The power of a hug

hug illustrationA hug is wonderful when you feel sad, stressed, tired and even when you feel good.

I love what the Free Hugs people do when they stand in a city centre holding a ‘Free Hugs’ sign. Their hugs produce human connection, vulnerability, smiles, laughter, positive emotion, and even sometimes tears, especially if it’s the first hug a person who has been suffering has experienced in a long while.

Hugs are also good for the heart. They increase our levels of the hormone ‘oxytocin’, which as well as being known for its role in trust, childbirth, and breastfeeding, is also a powerful ‘cardioprotective’ hormone. This basically means it helps protect the cardiovascular system.

From what? You might ask. From the negative side-effects of poor dietary and lifestyle choices and also from mental and emotional stress.

Oxytocin works by producing nitric oxide in our arteries, which then widens (dilates) our arteries. Nitric oxide helps our arteries stay flexible and also helps reduce blood pressure.

So, ultimately, hugs are cardioprotective too.
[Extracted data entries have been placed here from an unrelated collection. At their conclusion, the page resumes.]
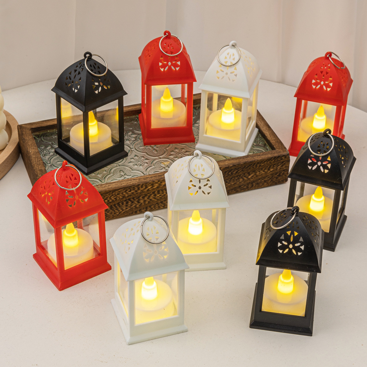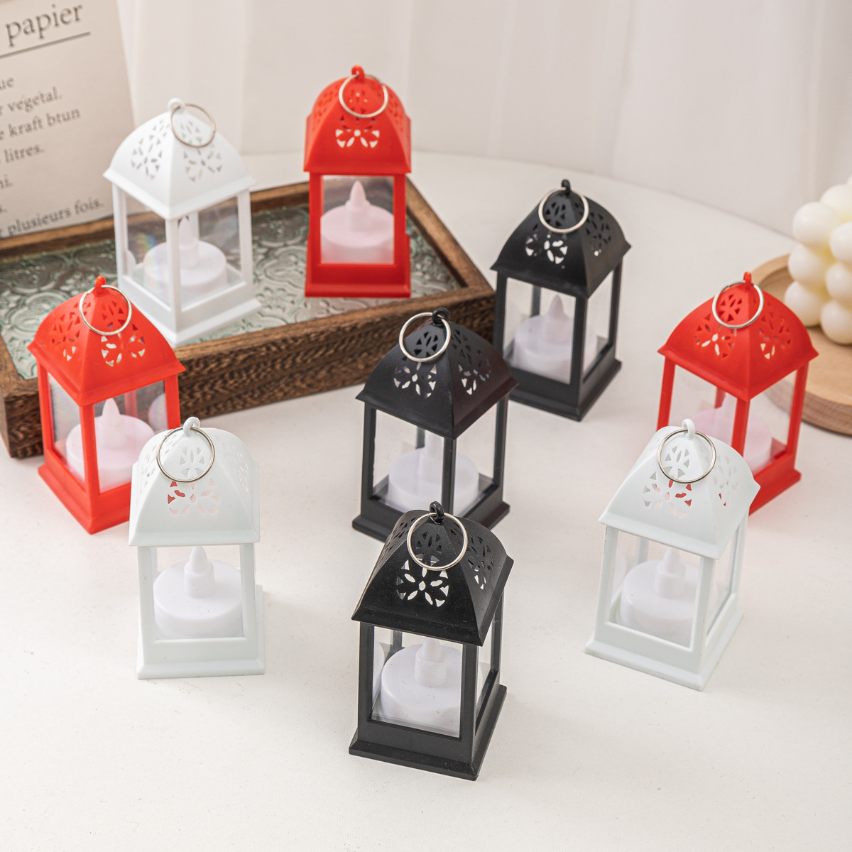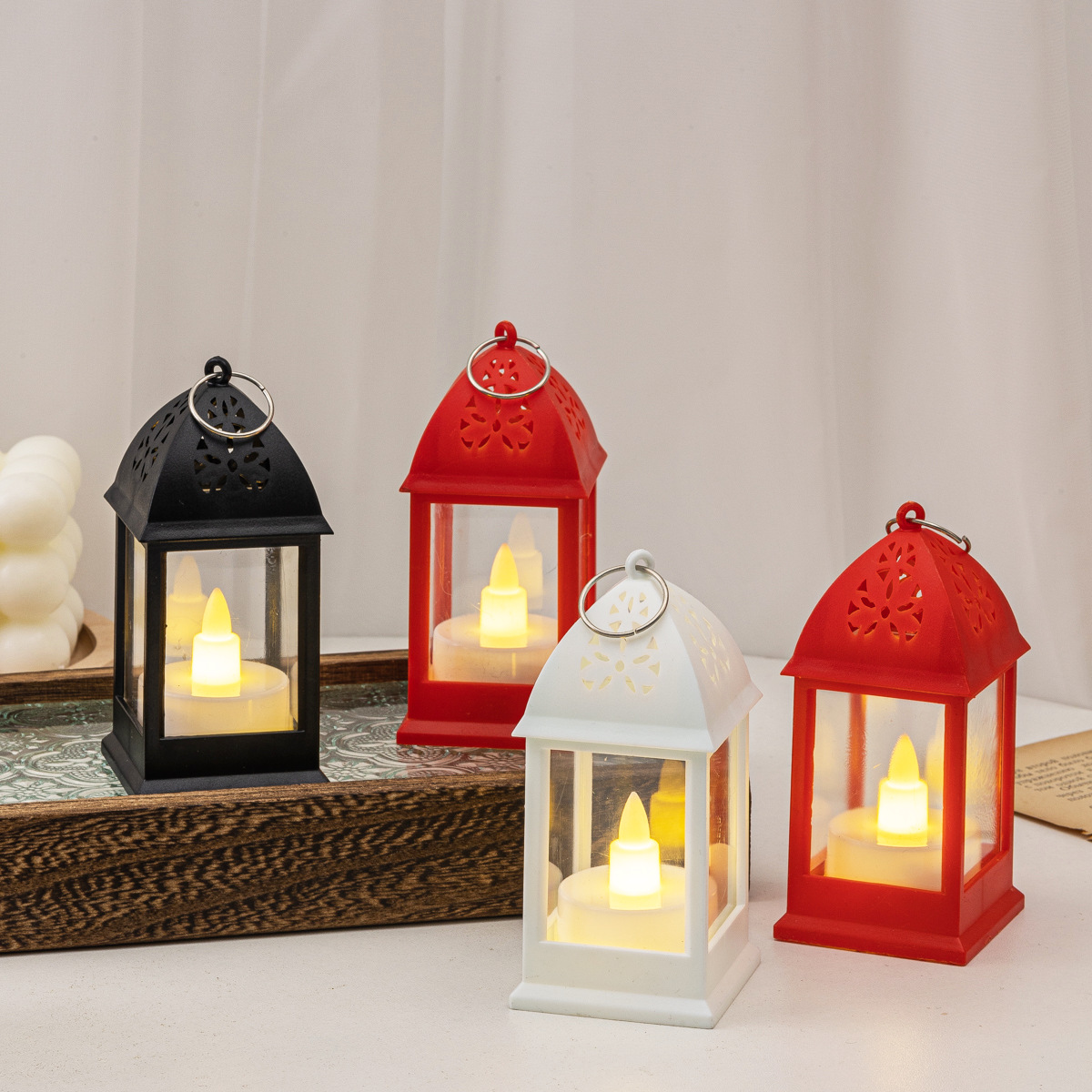 镂空四角风灯LED电子灯煤油灯灯笼家居客餐厅圣诞氛围装饰小夜灯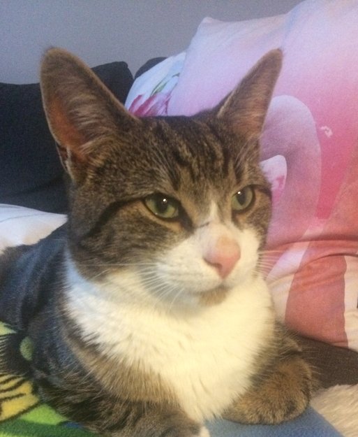 Pusen har vandret rundt på kaldnes ved spar siden torsdag. Han har vært sulten og kald. Jeg tok han inn til meg, etter at en av mine naboer var hos veterinær med han for å sjekke om han var chippet. Vetrinær fant ut at han er en ca ett år gammel ukastrert hannkatt.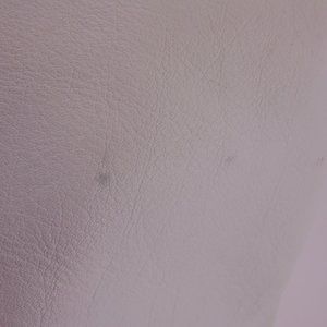 GUC white leather crossbody bag adorned with 4 brushed gold stars has one large open compartment with a zippered pocket. The crossbody strap has a 21" drop. Top zippered closure. There is some ink in the inside zippered pocket and few spots on the bag as indicated in the photos. Please enlarge for a closer look. Approximate measurements: 12.5" wide at top of bag/8" wide on bottom x 10.5" tall x 6.5" deep.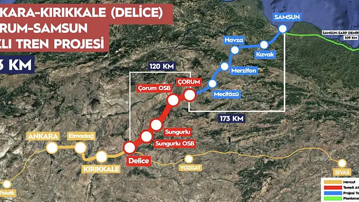 Ankara-Kırıkkale-Çorum-Samsun Hızlı Demiryolu Projesi kapsamında Delice-Çorum etabının temelinin cumartesi günü atılacağını açıkladı. 120 kilometrelik bu etap, projenin ilk inşa edilecek bölümü olacak.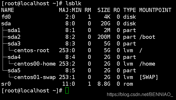 第一步:# lsblk(查看硬盘分区情况以及使用情况)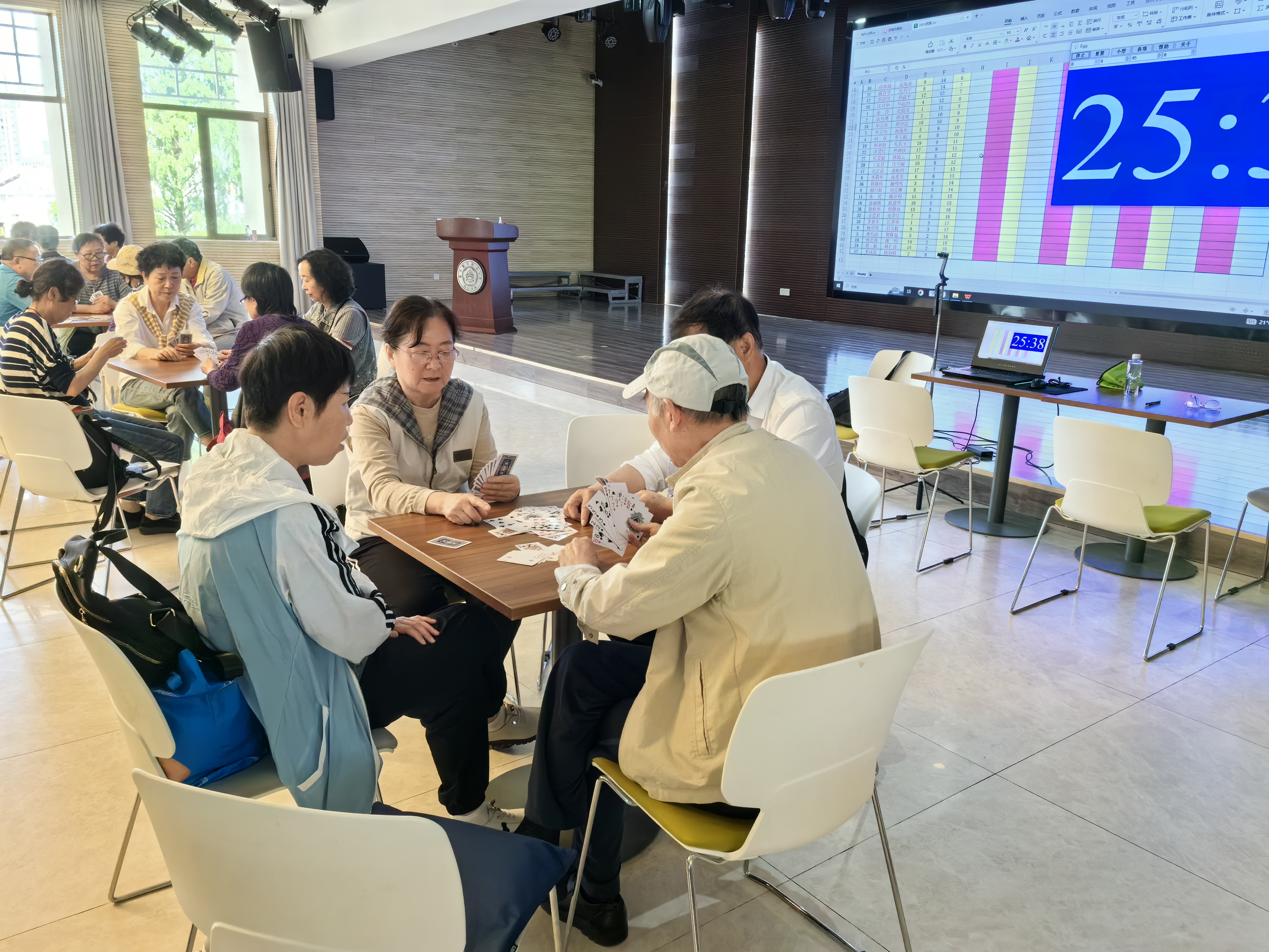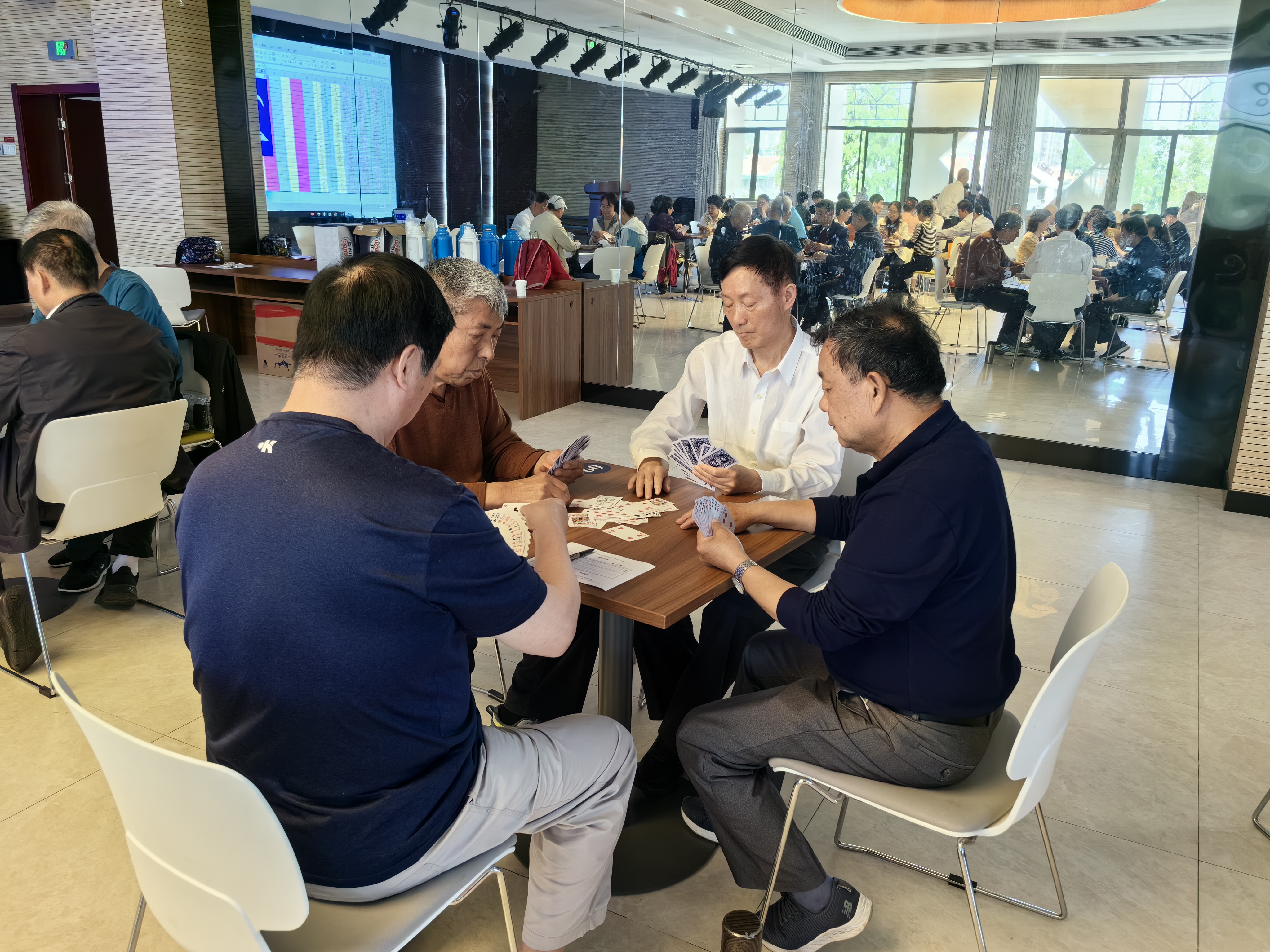 本次活动得到了离退休教职工的积极响应,有近80名老同志踊跃报名,参加人数再创新高。活动采用了在宁高校老年人掼蛋比赛的简易规则,计分过程和对阵编排更为简捷、高效,由双人组队,每轮限时45分钟,共进行5轮角逐。整个活动交流过程充满了欢声笑语,现场气氛轻松活跃,大家享受着掼蛋带来的乐趣。经过一天五轮的角逐,最终决出了一等奖江薇芬、梁云、洪爱民、严鸿钦;二等奖郭步兵、沈辉、丁北景、汪守丽;三等奖李兆京、杨志香、刘宁、顾蓉芬。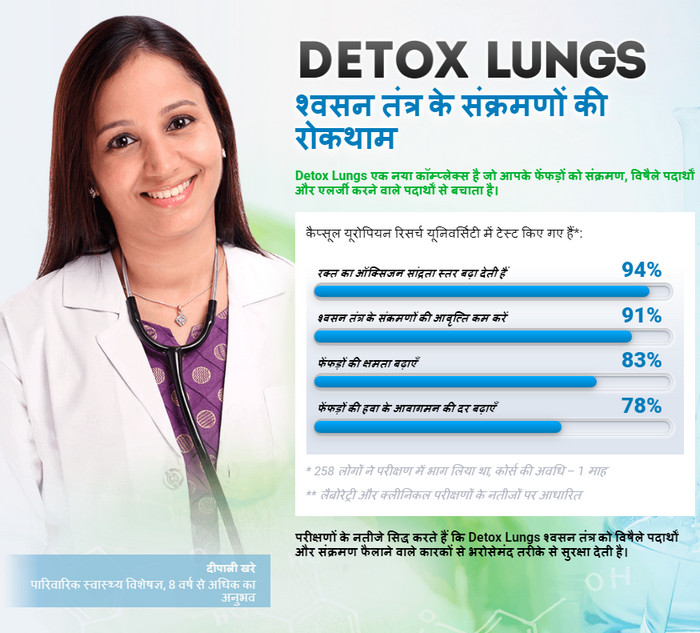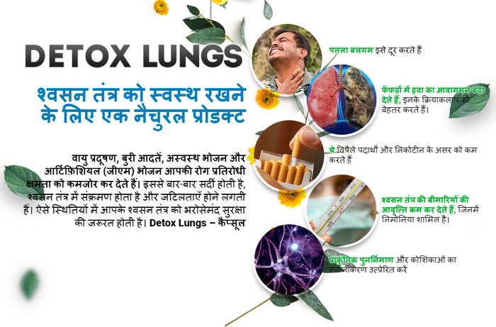 Detox Lungs – एक पौधा परिसर, जिसका मूल सूत्र विशेष रूप से वैज्ञानिकों द्वारा सभी शरीर प्रणालियों की प्राकृतिक सफाई के लिए विकसित किया गया है और इसका उद्देश्य शरीर के सभी पाँच उत्सर्जन प्रणालियों – पाचन, मूत्र, श्वसन, लसीका और त्वचा को सक्रिय करना है।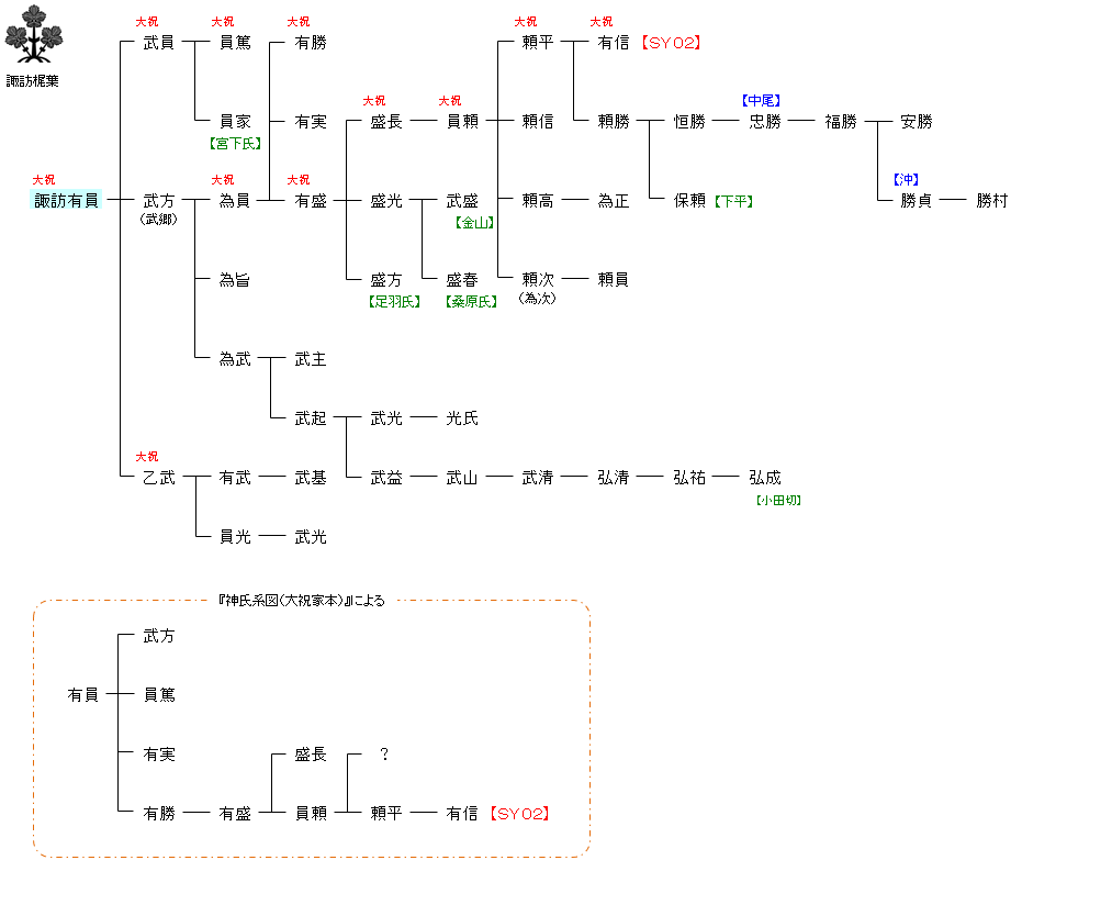 中世の伝承によると、諏訪明神(建御名方神)が8歳の童男に御衣を着せて自分の「御正体」として神格化させた。『諏方大明神画詞』(1356年)と『神氏系図(前田氏本)』(室町時代初期)によると、この男児は有員という名の人物という。 有員は桓武・平城朝(9世紀初頭)に生きたと言われていることから、桓武天皇の皇子とする伝承もあるが、史実性は疑わしい。一方、『阿蘇氏略系図(異本阿蘇氏系図)』と『神氏系図(大祝家本)』には、科野国造家出身の神子(くまこ)、または乙頴という人が用明天皇2年(587年)に諏訪湖の南に社壇を設けて初代大祝となったとあり、有員がその子孫とされている。この神子の母が洲羽君氏出身の弟兄部(乙比売)であった。須羽君氏は建御名方神の子・伊豆早雄命の後裔とされ、健隈照命の孫または曾孫である武河隈君が初めて洲羽君の氏姓を負ったとされる。洲羽君姓はその後、世襲され、歴代系図の最後に位置づけられる高嶺君まで君姓を名乗っていたことが『諸系譜』十三冊所載の「諏訪氏」に見られる。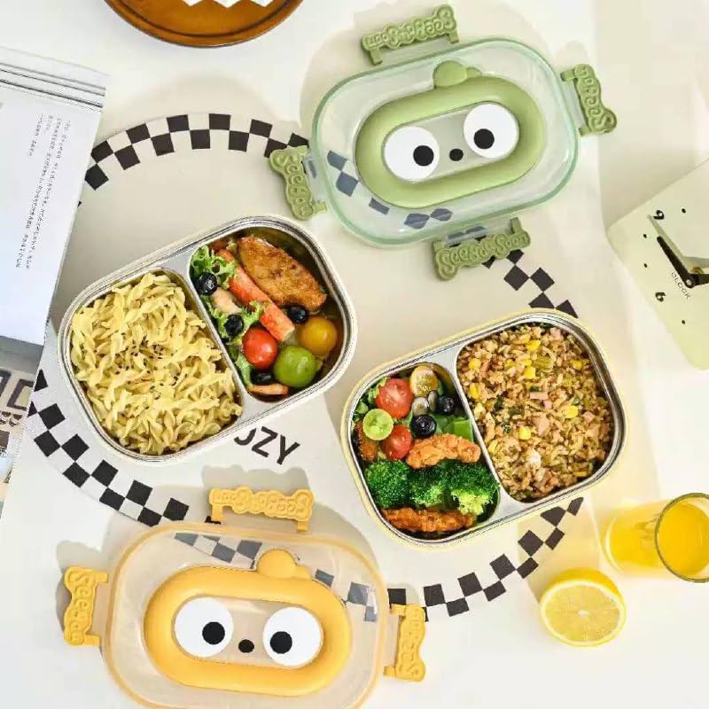 Generic - Cute Lunch Box Big Eyes Design Stainless Steel Lunch Box with 2 Compartments for School Office Yellow

And I’d say so for more than simply their oxytocin-and-therefore-nitric-oxide-inducing power, but because they make us feel relaxed, cared for, even loved. Hugs are medicine for the soul.

I remember crying in front of my mum and dad when I found out our beloved dog, Oscar, had osteosarcoma and was unlikely to live beyond a few months. Mum hugged me and I melted, collapsed in her arms. I felt like a child again, being loved by and tended to by my mum.

I think we have that memory of being tended to by our parents as children, where we were upset or in pain and we knew that ‘everything is going to be OK’, ‘the pain will go soon’, or ‘it’s OK, Mum (or Dad) will fix it’. It’s a memory held deep in the unconscious but whose emotions are released in our adult lives when we receive a hug.

So hugs are medicine for the heart and they are medicine for the soul. If we could bottle hugs, we would take our daily dose without question.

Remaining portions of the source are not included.